PS My daughter is six, are arranged marriages frowned on these days?
You can blow up my Tumblr anytime.
Your polaroids rock my world.
You were such a delightful surprise. You seemed to just appear out of nowhere (to me anyway) and you are so funny and sweet.
The word you make me think of is “crisp.” In my head, that is how I characterize your humor. Since that doesn’t make sense, I’ll just say that equals good to me.
You are another strangely hard one. What is up with that? Your internet life is cool and your real life seems cool too. I guess that covers it.
Hope you got your real-life things worked out. I’ve missed your posts.
I wish I could color like you. And be as clever.
You don’t post as much as some people, but I’m always glad when you do.
I hope you are having fun, see you in 18 months.
Of course, everything you post is cool.
Best sister-in-law ever or best sister-in-law ever?
AND to Daniellei who started it all, I repeat what I said to her:
Of all the people I follow, you are the one that makes me think we could be awesome friends if we met in real life.
If you follow me, and I didn’t mention you, it is only because I haven’t followed you long enough to have something meaningful to say to you.
Well, that was educational (for me).
I guess I like you guys.
Just looking back through my posts today. I hope I didn’t freak anybody out. I might have freaked myself out a little, but I think it was worth it. I’ll try to wrap it up tomorrow, but I might actually have to get some work done.
I really love getting parenting things interspersed with your posts. I’m interested in how one pulls off the combination of being “cool, not-always-child-appropriate adult” and being a “parent”.
Ok, I’m out of time for today.
BECAUSE I HAVE A MADRID TRIP MEETING IN 30 MINUTES.

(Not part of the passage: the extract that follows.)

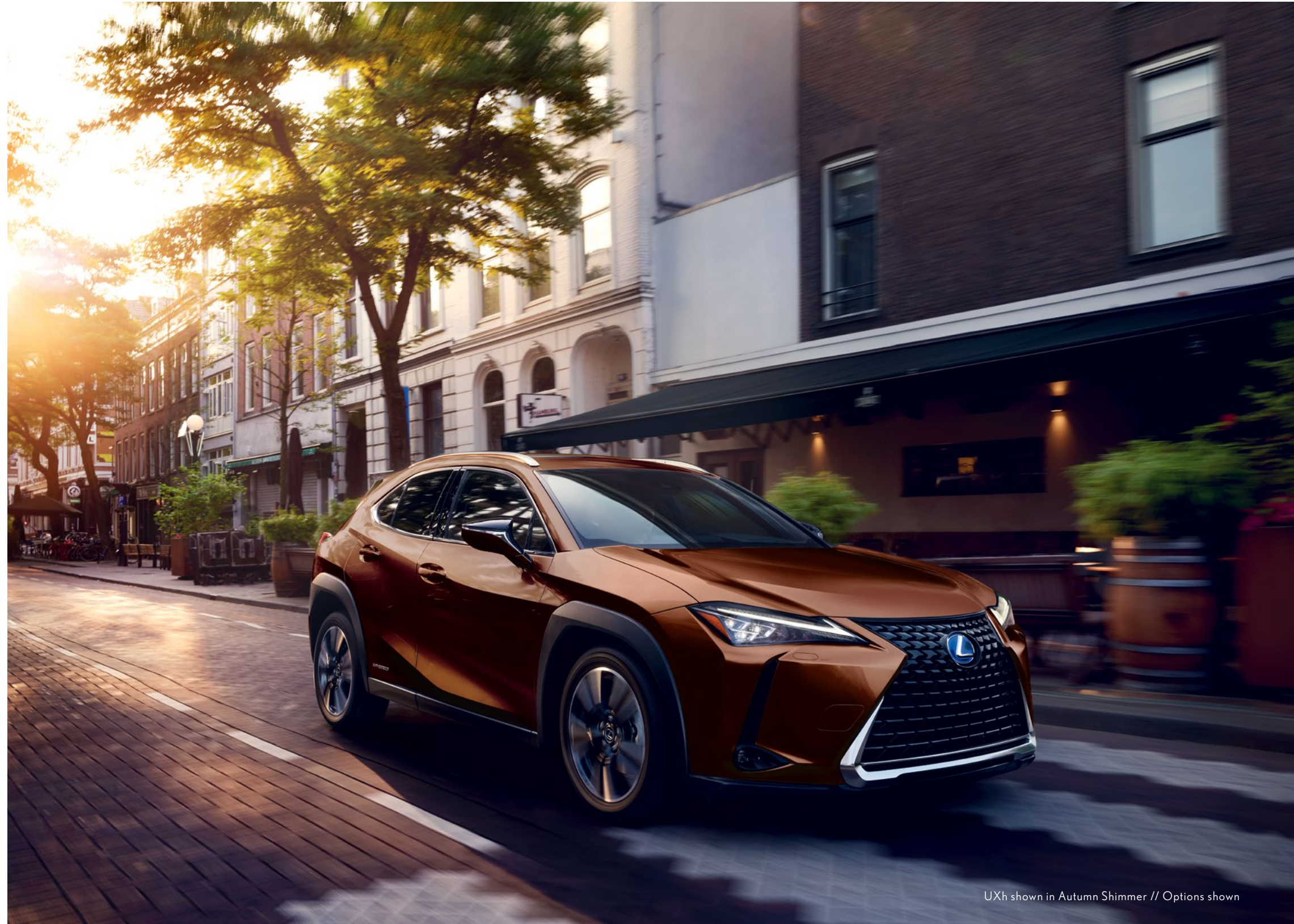
UXh shown in Autumn Shimmer // Options shown

can send up to 80% of the power to the rear wheels

Just because I haven’t mentioned you yet, doesn’t mean I don’t have something to say.
I just thought I loved you until you posted that GPOYW picture of yourself, and then one of your daughter. After that, I knew I loved you. Your dream tweets make me spit out my coffee.
This one is MUCH harder than I thought it would be. I love everything you post, but I can’t figure out how to make that meaningful to you. I love the nature shots, the insights into your life, everything…hmm… sorry if that is disappointing
I would like to know more about you.
There is something just so, so prickly about you that I love.
I really look up to you. I don’t know how to be more specific about it, but I hope I can be as cool as you some day.
I can’t tell you how much I would like to accidentally run into you in DC.
I want to know who is responsible for this AWESOMENESSS.
You seem like someone I would really enjoy knowing in real life. You are smart and funny and then shockingly sweet. I’m kind of obsessed by what it would be like to have you over for dinner.
I know you are going through a rough time right now, and I wish we were real friends so I could do something useful, like do your laundry or mow your lawn.
I’m having trouble putting into words what I like about following you. It has something to do with the GenX dilemma (you are GenX, right? I am, and I think it takes one to know one). This sort of self-depreciating, slacker mentality combined with having grown up and procreated and having to kind of come to terms with the fact that you are worthwhile and pass that on to your children. Maybe that doesn’t resonate with you, but I think that is because I’m not saying it right.
I always feel really good when I get a “like” from you, because, for some reason, I’m under the impression you are a very discerning person. What have you done to give me that impression…well besides posting a video of your finger puppet berating you? I don’t know.
You make me smile. I wonder if you know how cool you are.
giromide (again, this one is for me)
Every time I see one of your audio posts, I know I’m in for a treat.